Exercise aim:
The whole listing that follows, pictures excepted, should be printed again exactly as given.

Information provided:

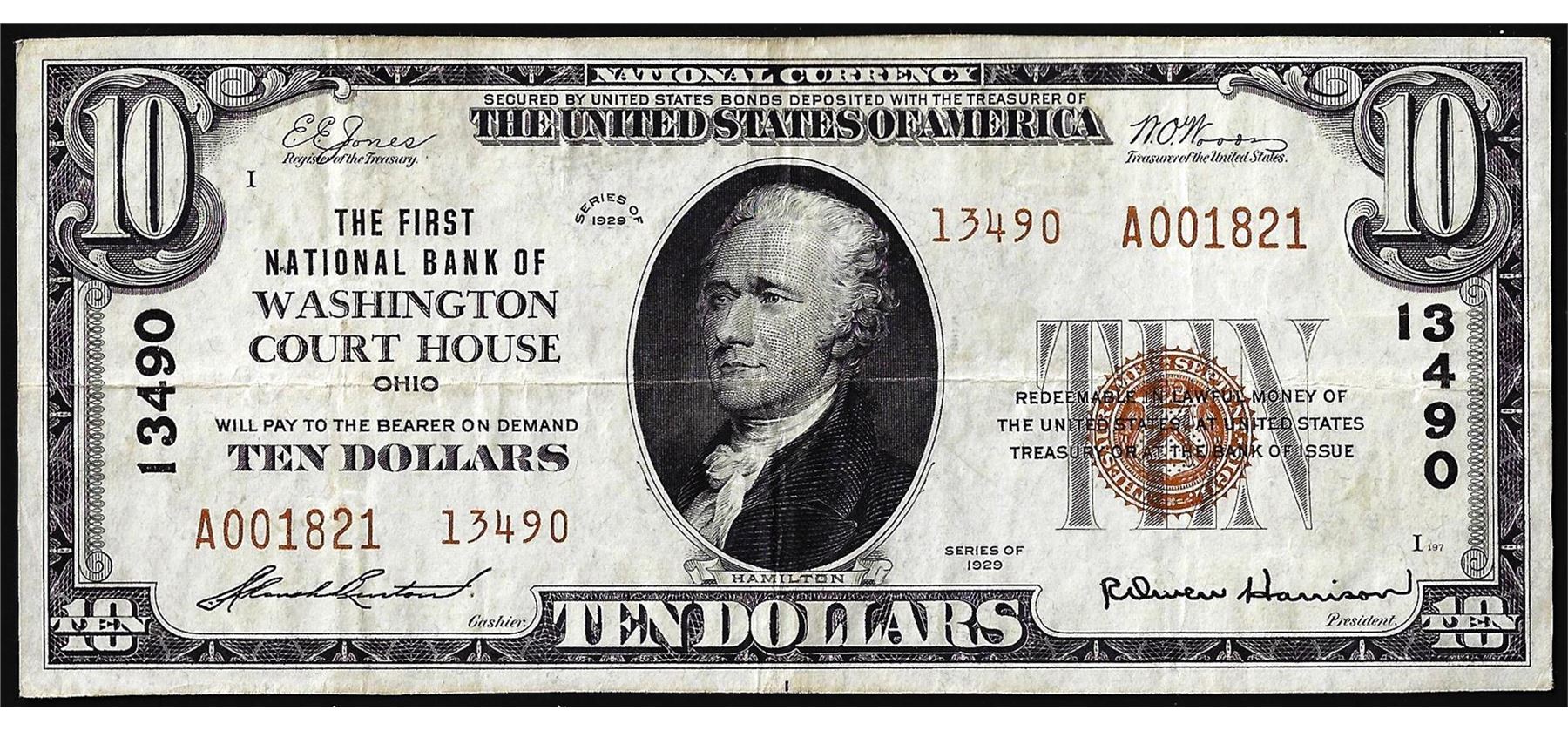 One 1929 $10 First NB of Washington Court House, Ohio CH# 13490 National Currency Note.
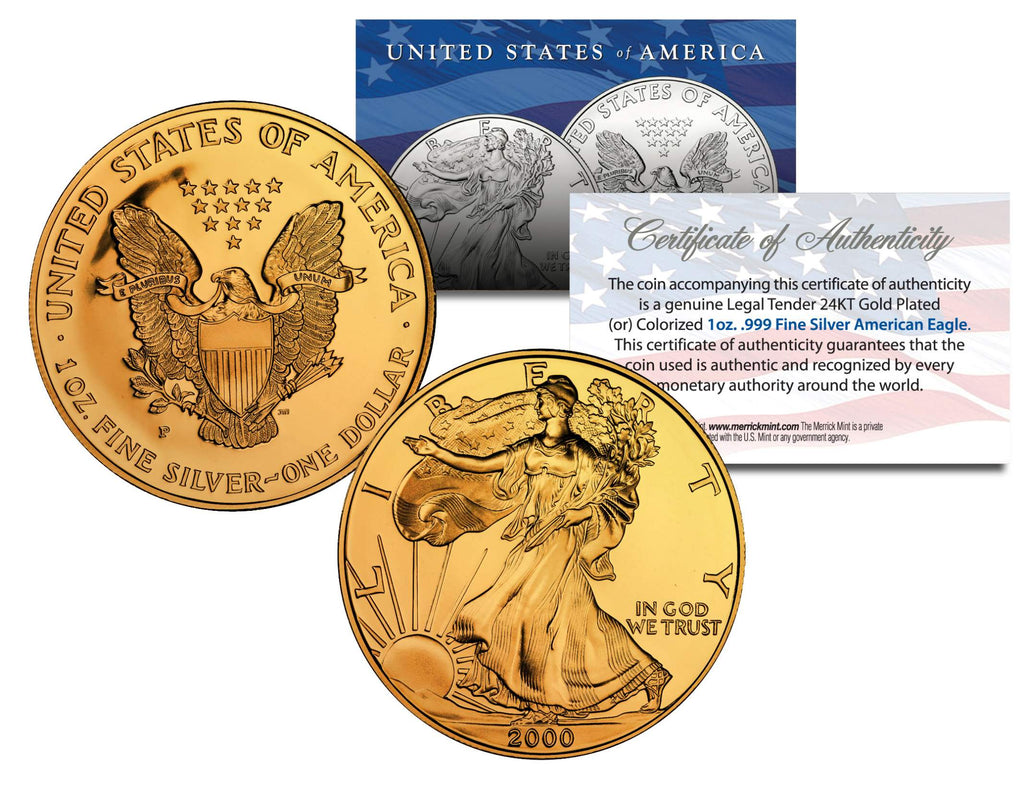 Some coins have gold frosting from silver tarnishing, but overall appearance is very nice. Here is your chance to own a 24KT Gold Plated 2000 American Silver Eagle Dollar U.S. coin. Coin is minted in one full ounce of .999 PURE SILVER and measures a massive 40.6mm in diameter. Each genuine legal tender U.S. coin is 24KT Gold Plated by the Merrick Mint to highlight the original design using a unique authentic process. The result is an everlasting 24KT Gold Plated coin collectible of ultra-high quality. Each coin comes in a premium coin capsule with a Certificate of Authenticity to guarantee that your coin is authentic and recognized by every monetary authority around the world, assuring its Collector Edition status. Walking Liberty design on the obverse and heraldic eagle design on the reverse.
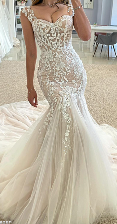 Discover our Trumpet Mermaid Lace Tulle Wedding Dress, a stunning sleeveless design with a sweetheart neckline, perfect for your special day. Luxurious material, elegant silhouette, available now.

Solution for this problem:
 One 1929 $10 First NB of Washington Court House, Ohio CH# 13490 National Currency Note.
 Some coins have gold frosting from silver tarnishing, but overall appearance is very nice. Here is your chance to own a 24KT Gold Plated 2000 American Silver Eagle Dollar U.S. coin. Coin is minted in one full ounce of .999 PURE SILVER and measures a massive 40.6mm in diameter. Each genuine legal tender U.S. coin is 24KT Gold Plated by the Merrick Mint to highlight the original design using a unique authentic process. The result is an everlasting 24KT Gold Plated coin collectible of ultra-high quality. Each coin comes in a premium coin capsule with a Certificate of Authenticity to guarantee that your coin is authentic and recognized by every monetary authority around the world, assuring its Collector Edition status. Walking Liberty design on the obverse and heraldic eagle design on the reverse.
 Discover our Trumpet Mermaid Lace Tulle Wedding Dress, a stunning sleeveless design with a sweetheart neckline, perfect for your special day. Luxurious material, elegant silhouette, available now.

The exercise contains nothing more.